Purpose Of The Study
- To assess ChatGPT-4o's diagnostic concordance in assigning BI-RADS categories on breast ultrasound images.
- To compare ChatGPT-4o's performance with experienced radiologists.
- To evaluate the consistency of AI in breast lesion classification.
Main Methods
- Retrospective analysis of 405 breast ultrasound images from 350 patients.
- Independent review and BI-RADS categorization by two experienced radiologists.
- Evaluation of the same images by ChatGPT-4o using a standardized prompt.
- Statistical analysis using Cohen's kappa and Fleiss' kappa to measure agreement.
Main Results
- High interobserver agreement between radiologists (Cohen's κ = 0.832).
- ChatGPT-4o demonstrated moderate to substantial agreement with radiologists (κ = 0.593–0.621).
- Highest concordance for BI-RADS 1 and 5; lower agreement for BI-RADS 3.
- Overall agreement among radiologists and AI was substantial (Fleiss' κ = 0.682).

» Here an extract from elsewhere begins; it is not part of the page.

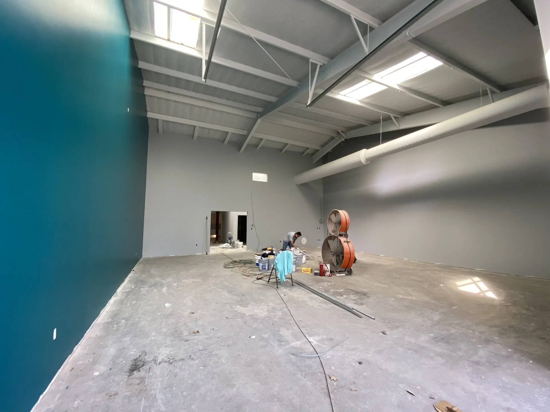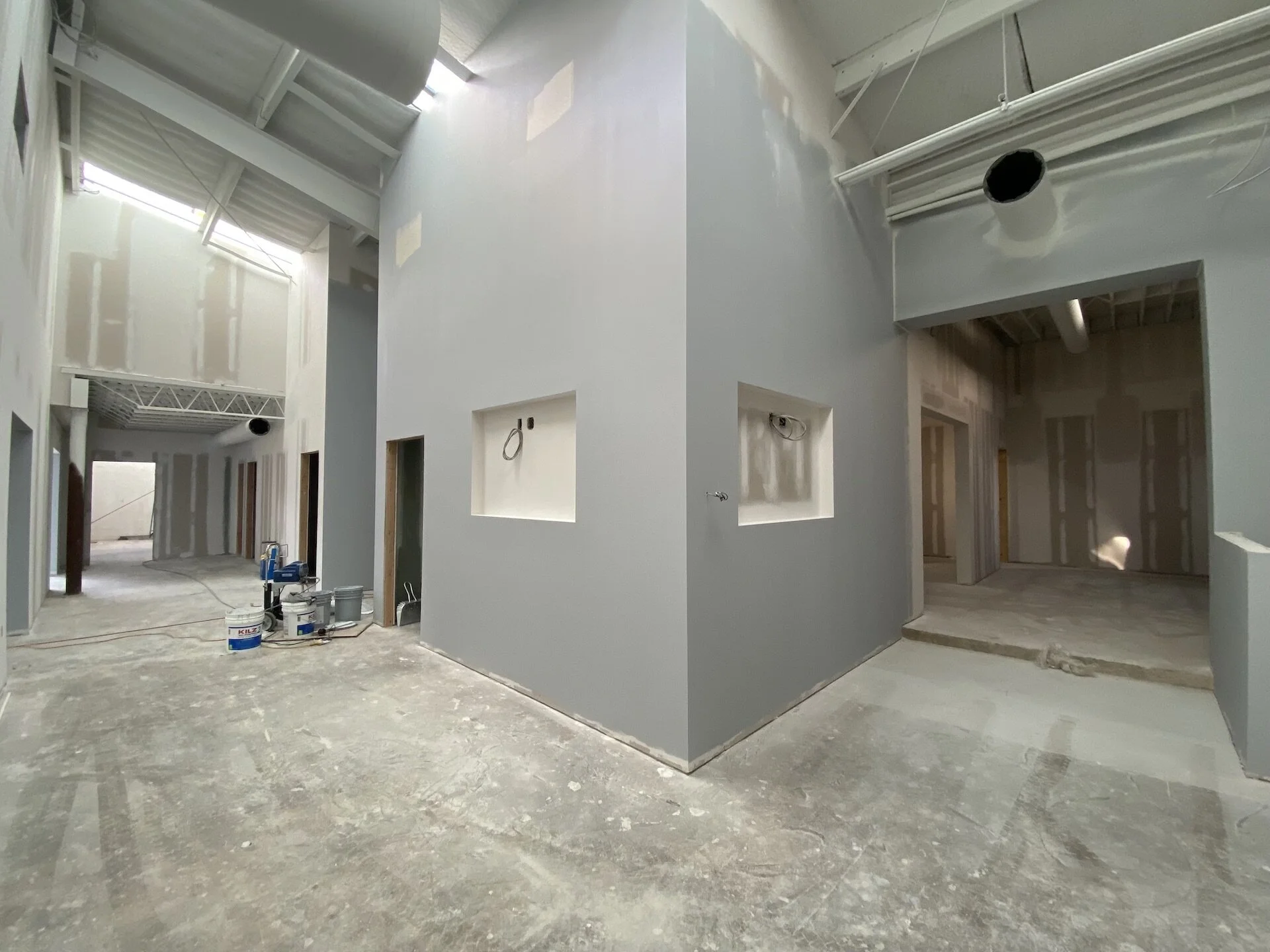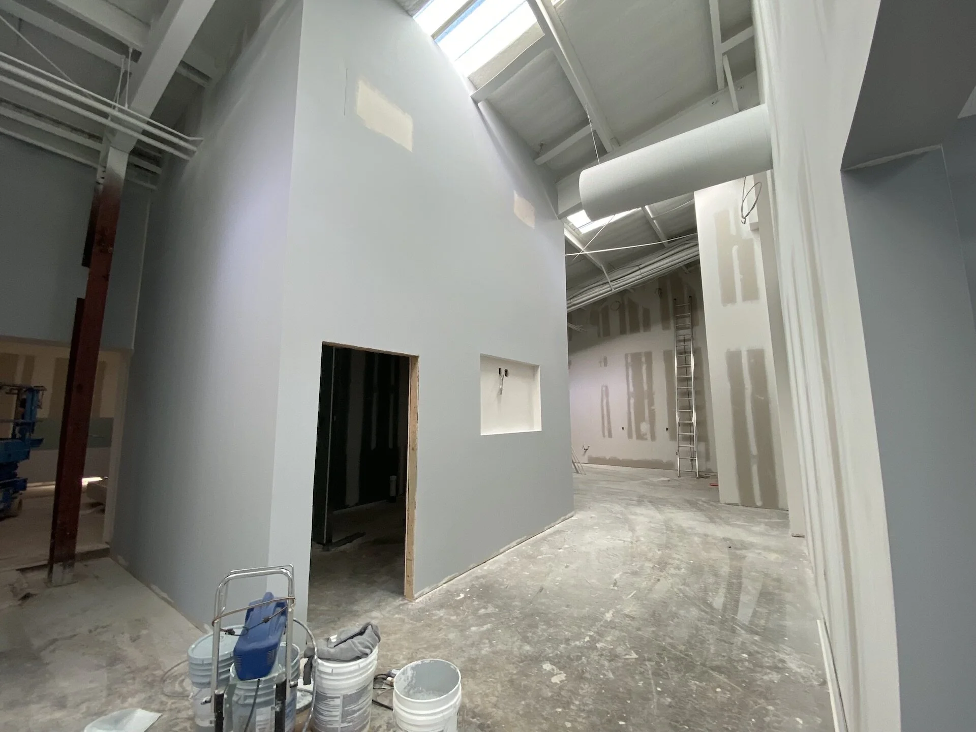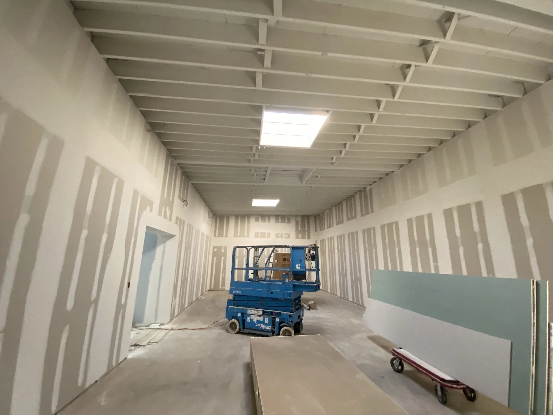 Wall cover continues. Tape and float continues. HVAC stud work on ceiling.

- AI occasionally upstaged BI-RADS 3 cases and misclassified anatomical structures.
Conclusions
- ChatGPT-4o shows potential in interpreting breast ultrasound, especially for distinct benign and malignant findings.
- Limitations exist in classifying intermediate-risk lesions and interpreting artifacts.
- Current AI performance suggests its use as an adjunct to, not a replacement for, expert radiologists.